Le caratteristiche tecniche da considerare nella scelta di un cavo per quanto riguarda gli isolanti sono principalmente di natura elettrica (rigidità dielettrica e resistenza di isolamento), meccanica (resistenza all'abrasione) e di comportamento nei confronti del fuoco. Mentre le prime due caratteristiche sono tipiche di qualsiasi tipo di cavo, il comportamento nei confronti del fuoco rappresenta un parametro distintivo di una specifica tipologia di cavi ai quali, in relazione all'ambiente di installazione, può essere richiesto di non essere causa di innesco e propagazione di incendio, di garantire la continuità di servizio degli impianti di sicurezza e di non emettere sostanze tossiche, corrosive e fumi opachi (fig. 1).

Fig. 1 – I cavi e l'incendio 

  1. Cavi non propaganti la fiamma, l'incendio e resistenti al fuoco

Nei confronti del fuoco si possono individuare essenzialmente tre tipologie di cavi rispondenti rispettivamente alle Norme CEI 20-35, per i cavi non propaganti la fiamma, CEI 20-22, per i cavi non propaganti l'incendio, CEI 20-36 per i cavi resistenti al fuoco. Il requisito di non propagazione della fiamma, prerogativa di quasi tutti i cavi attualmente in commercio, viene stabilito sottoponendo uno spezzone verticale di cavo alla fiamma di un cannello Bunsen.
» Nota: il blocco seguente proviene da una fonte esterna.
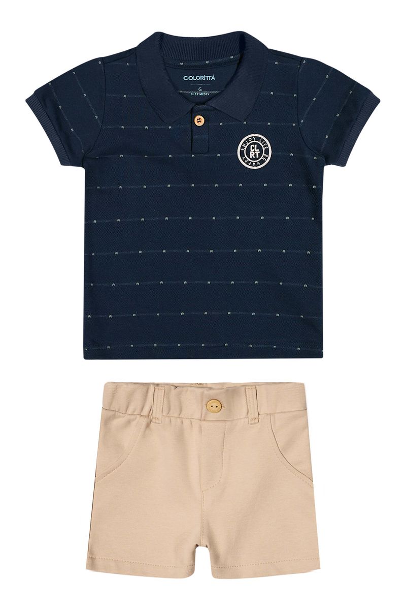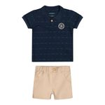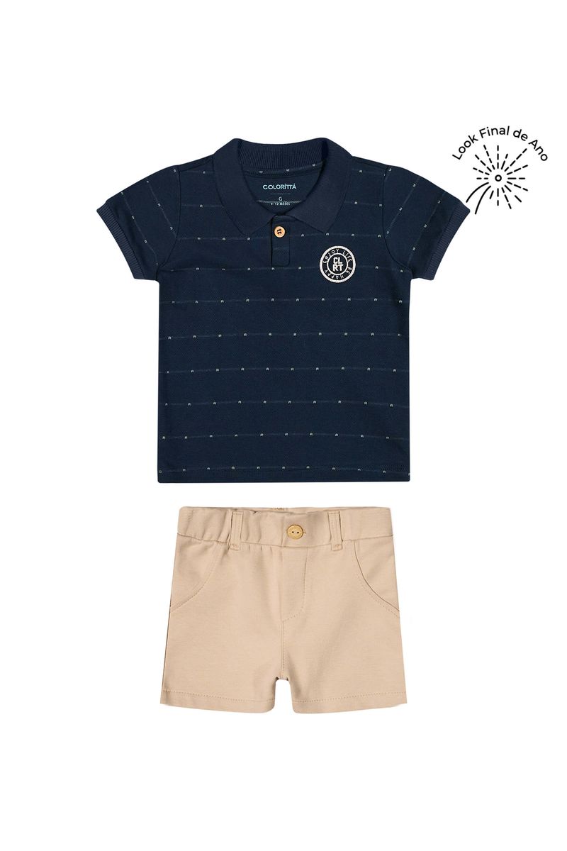 • Conjunto composto por camisa polo e bermuda • Feito em piquet trabalhado e moletom ponto roma • Possui mangas curtas • Possui abertura em botão • Com padronagem listrada e detalhe bordado • Elástico no cós • Ideal para eventos especiais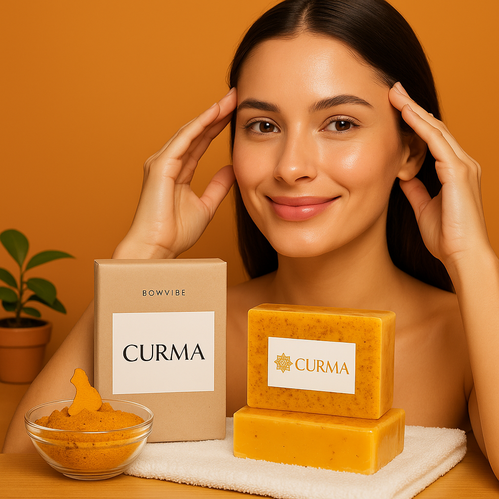 Savon Curma → matin et soir, fais mousser avec le sachet ou un gant exfoliant sur ton visage et ton corps, laisse poser 90 secondes, puis rince pour éliminer impuretés et taches.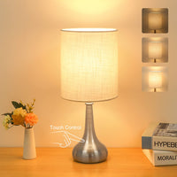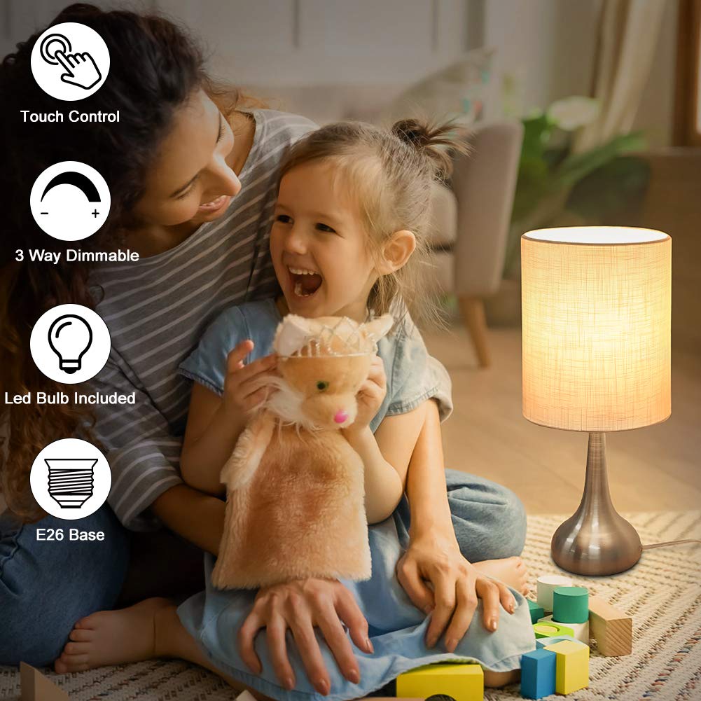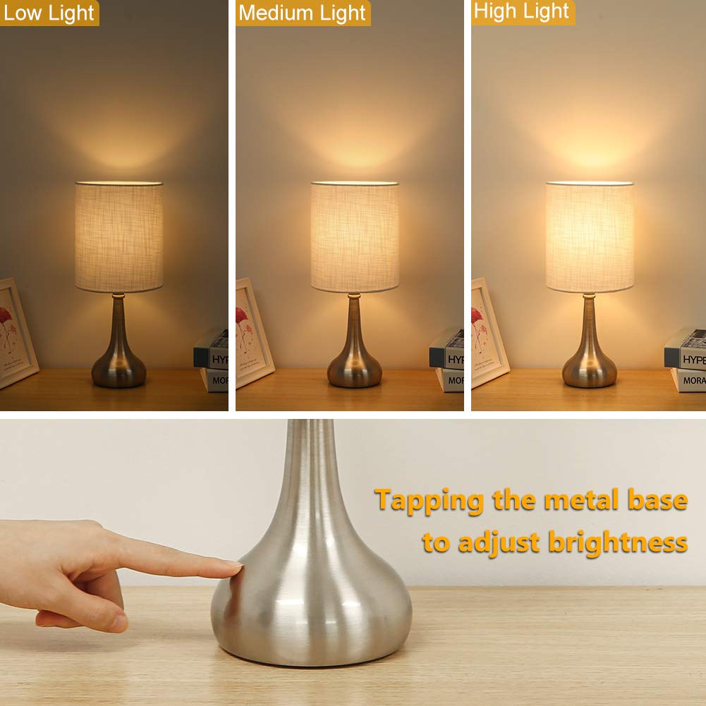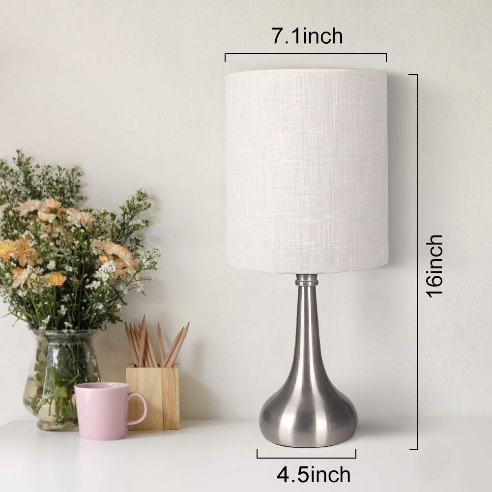 Boncoo 3-Way Dimmable Touch Control Table Lamp - Silver Metal Base, White Lampshade, Small Bedside Light for Bedroom, Office, A19 9W Bulb Included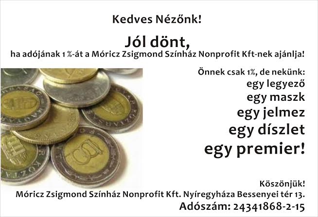 A Móricz Zsigmond Színház Társulata májusban is szeretettel vár mindenkit az előadásokra, és arra kéri színházbarát nézőit, hogy adójának 1%-át a Móricz Zsigmond Színház Nonprofit Kft-nek ajánlja! Önnek csak 1 %, de nekik: egy legyező, egy maszk, egy jelmez, egy díszlet, egy premier! Köszönjük! (Adószám: 243418682 - 2 - 15)

La prova dovrà dimostrare la capacità di autoestinguenza del cavo il cui isolante, pur incendiandosi e rovinandosi quando è sfiorato dalla fiamma, dovrà essere in grado di autoestinguersi entro 65 cm dal punto di applicazione della fiamma (fig. 2).
La prova viene eseguita su un singolo cavo verticale e quindi questo tipo di cavi non garantisce dalla non propagazione dell'incendio se i cavi sono installati in fasci o posati ad una interdistanza inferiore a 250 mm poiché lo scambio di calore con l'ambiente in caso di incendio avviene in condizioni più gravose di quelle prescritte nella prova di accettabilità..

Fig. 2 – L'isolante del singolo cavo si incendia ma la fiamma non si espande oltre i 65 cm dal punto di applicazione e si estingue quando la fiamma viene allontanata

I cavi non propaganti l'incendio sono invece provati in fasci verticali, in quantitativi ben definiti, all'interno di cunicoli a tiraggio naturale che simulano le condizioni ambientali in presenza di un incendio. Il fascio di cavi viene incendiato da un bruciatore in un ambiente di prova in cui si raggiungono i 750 °C e per superare la prova deve bruciare senza che la fiamma si propaghi oltre una certa lunghezza (fig. 3). Se installati rispettando i quantitativi stabiliti dalle prove questo tipo di cavi garantisce la non propagazione dell'incendio ma non l'affidabilità in condizioni d'emergenza.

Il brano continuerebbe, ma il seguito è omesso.